KANSAS CITY: Frigid Missouri River floodwaters that left ruins, death and drowned livestock across the US Midwest’s farmland were expected to crest in northwestern Missouri on Friday and threaten more towns and cities.
Police issued voluntary evacuation orders for 200 to 300 homes in the small, riverfront city of St. Joseph, Missouri, where early on Friday North America’s longest river was at 31.43 feet (9.58 meters), about 6 inches (15 cm) below its record level.
“For the next few hours, we still expect the river to rise,” said St. Joseph police Sergeant Casey Guyer, adding that some roadways were underwater. “Hopefully, in the next 24 hours the waterline starts to recede a little.”
Officials said they expect levees to contain debris-laden river water as floodwaters head toward Kansas City, Missouri, about 55 miles (88 km) south of St. Joseph, then other population centers in Kansas and Missouri downstream.
If the temperature rises just a few degrees, melting more ice and snow, that could quickly push the estimated river crest higher, said David Roth of the National Weather Service’s Weather Prediction Center in College Park, Maryland. The river could top levees or breach weak spots, he said.
Daytime temperatures in the Midwest are already about 10 degrees Fahrenheit above normal, Roth said, and will hit as high as 60 degrees F (16 Celsius) in parts of the region on Friday, including St. Joseph and Kansas City.
Evacuation sirens rang on Thursday night in Elwood, Kansas, a community of 1,200 people across the river from St. Joseph.
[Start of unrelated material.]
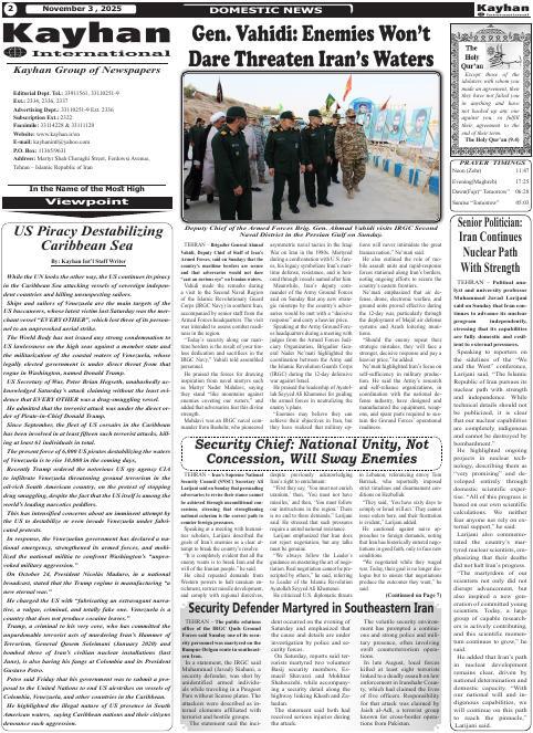 Security Chief: National Unity, Not Concession, Will Sway Enemies

Early Friday, the river there was at 31.33 feet, just shy of flowing over the top of Elwood’s levee system, according to forecasters.
Missouri River flooding was triggered by last week’s so-called “bomb cyclone” storm, which has already inflicted damage estimated at nearly $1.5 billion in Nebraska, killed at least four people in Nebraska and Iowa, and left a man missing below Nebraska’s collapsed Spencer Dam.
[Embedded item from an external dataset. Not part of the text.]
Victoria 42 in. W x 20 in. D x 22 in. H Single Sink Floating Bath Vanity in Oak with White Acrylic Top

“This is shaping up to be a potentially unprecedented flood season, with more than 200 million people at risk,” Ed Clark, director of the National Oceanic and Atmospheric Administration’s (NOAA) National Water Center in Tuscaloosa, Alabama, said in the agency’s spring outlook.
Missouri Governor Mike Parson declared a state of emergency for his state on Wednesday as high water forced evacuations of several small farm communities.
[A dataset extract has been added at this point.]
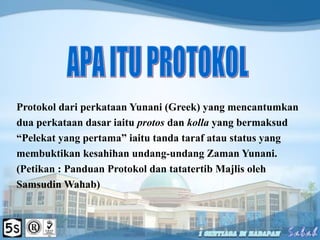 1. Dokumen tersebut menjelaskan pengertian protokol dan asal-usulnya dari bahasa Yunani. 2. Ia juga menjelaskan berbagai konteks penggunaan protokol dalam kehidupan individu, keluarga, masyarakat, dan hubungan antarnegara. 3. Dokumen tersebut menekankan pentingnya pengetahuan dan penerapan protokol untuk menjaga hubungan

The declaration allows state resources and assistance to be provided directly to counties and municipalities in need.
President Donald Trump on Thursday approved a disaster declaration for Nebraska, making federal funding available in nine counties there that had born the brunt of last week’s floods.
The threat of extensive flooding lingers over the wider region and could grow dire in coming weeks with additional rainfall and melting snow runoff, NOAA said on Thursday.
Massive flooding in the US Midwest has knocked out roughly 13 per cent of the nation’s ethanol production capacity, as plants in Nebraska, Iowa and South Dakota have been forced to shut down or scale back production following the devastation.
Production facilities owned by large companies like Archer Daniels Midland Co and Green Plains Inc were still operating despite days of snowstorms followed by rains that sent record floods into the Farm Belt.
However, with rail lines are washed out, and corn in storage flooded, production is dropping off, sending prices spiking in markets that buy the corn-based fuel.
The US has some 200 ethanol plants capable of producing 1.06 million barrels per day, and about 100,000 to 140,000 bpd of capacity has been taken off line due to the floods, according to three traders who track operations.
Crop damage exceeds $400 million in Nebraska alone, according to Nebraska officials.
The disruption comes as the ethanol industry is in the midst of a historic downswing due to the ongoing trade conflict with China and sluggish domestic demand growth that has led to high inventories and weak margins.